*** TASK INPUTS ***
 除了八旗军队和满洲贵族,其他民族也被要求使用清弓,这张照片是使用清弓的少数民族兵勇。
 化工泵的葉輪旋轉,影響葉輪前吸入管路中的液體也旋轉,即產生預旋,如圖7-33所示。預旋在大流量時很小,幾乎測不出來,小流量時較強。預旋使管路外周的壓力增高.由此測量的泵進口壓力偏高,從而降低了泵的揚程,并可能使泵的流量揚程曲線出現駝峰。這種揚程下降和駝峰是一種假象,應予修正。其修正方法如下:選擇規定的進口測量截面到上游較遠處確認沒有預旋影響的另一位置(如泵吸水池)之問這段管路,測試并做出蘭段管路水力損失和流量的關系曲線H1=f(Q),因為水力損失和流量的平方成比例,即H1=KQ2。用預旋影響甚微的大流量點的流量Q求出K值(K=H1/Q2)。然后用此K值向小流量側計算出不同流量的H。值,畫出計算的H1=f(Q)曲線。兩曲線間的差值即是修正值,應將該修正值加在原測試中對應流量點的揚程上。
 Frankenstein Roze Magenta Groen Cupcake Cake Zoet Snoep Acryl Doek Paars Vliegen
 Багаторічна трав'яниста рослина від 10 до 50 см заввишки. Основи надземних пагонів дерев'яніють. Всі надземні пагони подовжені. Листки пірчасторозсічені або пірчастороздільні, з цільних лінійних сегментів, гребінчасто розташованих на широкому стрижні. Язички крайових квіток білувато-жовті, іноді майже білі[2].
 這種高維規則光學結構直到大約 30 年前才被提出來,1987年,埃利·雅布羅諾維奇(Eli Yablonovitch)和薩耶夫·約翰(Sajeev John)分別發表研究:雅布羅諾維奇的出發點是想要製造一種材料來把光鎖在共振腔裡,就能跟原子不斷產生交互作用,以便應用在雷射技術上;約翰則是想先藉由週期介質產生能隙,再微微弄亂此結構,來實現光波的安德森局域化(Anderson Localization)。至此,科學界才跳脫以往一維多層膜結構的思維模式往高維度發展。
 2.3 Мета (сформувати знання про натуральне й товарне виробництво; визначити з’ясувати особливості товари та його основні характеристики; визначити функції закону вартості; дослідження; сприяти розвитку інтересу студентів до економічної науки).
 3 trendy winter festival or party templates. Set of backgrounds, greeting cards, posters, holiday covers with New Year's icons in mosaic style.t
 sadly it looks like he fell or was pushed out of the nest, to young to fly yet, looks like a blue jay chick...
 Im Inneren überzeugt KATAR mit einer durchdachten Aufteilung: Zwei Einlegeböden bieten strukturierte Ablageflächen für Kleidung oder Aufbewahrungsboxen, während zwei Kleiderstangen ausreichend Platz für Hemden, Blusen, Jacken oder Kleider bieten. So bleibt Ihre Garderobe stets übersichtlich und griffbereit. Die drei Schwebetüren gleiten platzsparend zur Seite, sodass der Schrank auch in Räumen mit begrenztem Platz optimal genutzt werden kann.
*** End of TASK INPUTS ***
GOAL OF THE EXERCISE: Start at the first line of the entries and stop at the line with "這種高維規則光學結構直到大約 30 年前才被提出來,1987年,埃利·雅布羅諾維奇(Eli". Retype each of those lines exactly, both ends included.

WRITTEN SOLUTION:
 除了八旗军队和满洲贵族,其他民族也被要求使用清弓,这张照片是使用清弓的少数民族兵勇。
 化工泵的葉輪旋轉,影響葉輪前吸入管路中的液體也旋轉,即產生預旋,如圖7-33所示。預旋在大流量時很小,幾乎測不出來,小流量時較強。預旋使管路外周的壓力增高.由此測量的泵進口壓力偏高,從而降低了泵的揚程,并可能使泵的流量揚程曲線出現駝峰。這種揚程下降和駝峰是一種假象,應予修正。其修正方法如下:選擇規定的進口測量截面到上游較遠處確認沒有預旋影響的另一位置(如泵吸水池)之問這段管路,測試并做出蘭段管路水力損失和流量的關系曲線H1=f(Q),因為水力損失和流量的平方成比例,即H1=KQ2。用預旋影響甚微的大流量點的流量Q求出K值(K=H1/Q2)。然后用此K值向小流量側計算出不同流量的H。值,畫出計算的H1=f(Q)曲線。兩曲線間的差值即是修正值,應將該修正值加在原測試中對應流量點的揚程上。
 Frankenstein Roze Magenta Groen Cupcake Cake Zoet Snoep Acryl Doek Paars Vliegen
 Багаторічна трав'яниста рослина від 10 до 50 см заввишки. Основи надземних пагонів дерев'яніють. Всі надземні пагони подовжені. Листки пірчасторозсічені або пірчастороздільні, з цільних лінійних сегментів, гребінчасто розташованих на широкому стрижні. Язички крайових квіток білувато-жовті, іноді майже білі[2].
 這種高維規則光學結構直到大約 30 年前才被提出來,1987年,埃利·雅布羅諾維奇(Eli Yablonovitch)和薩耶夫·約翰(Sajeev John)分別發表研究:雅布羅諾維奇的出發點是想要製造一種材料來把光鎖在共振腔裡,就能跟原子不斷產生交互作用,以便應用在雷射技術上;約翰則是想先藉由週期介質產生能隙,再微微弄亂此結構,來實現光波的安德森局域化(Anderson Localization)。至此,科學界才跳脫以往一維多層膜結構的思維模式往高維度發展。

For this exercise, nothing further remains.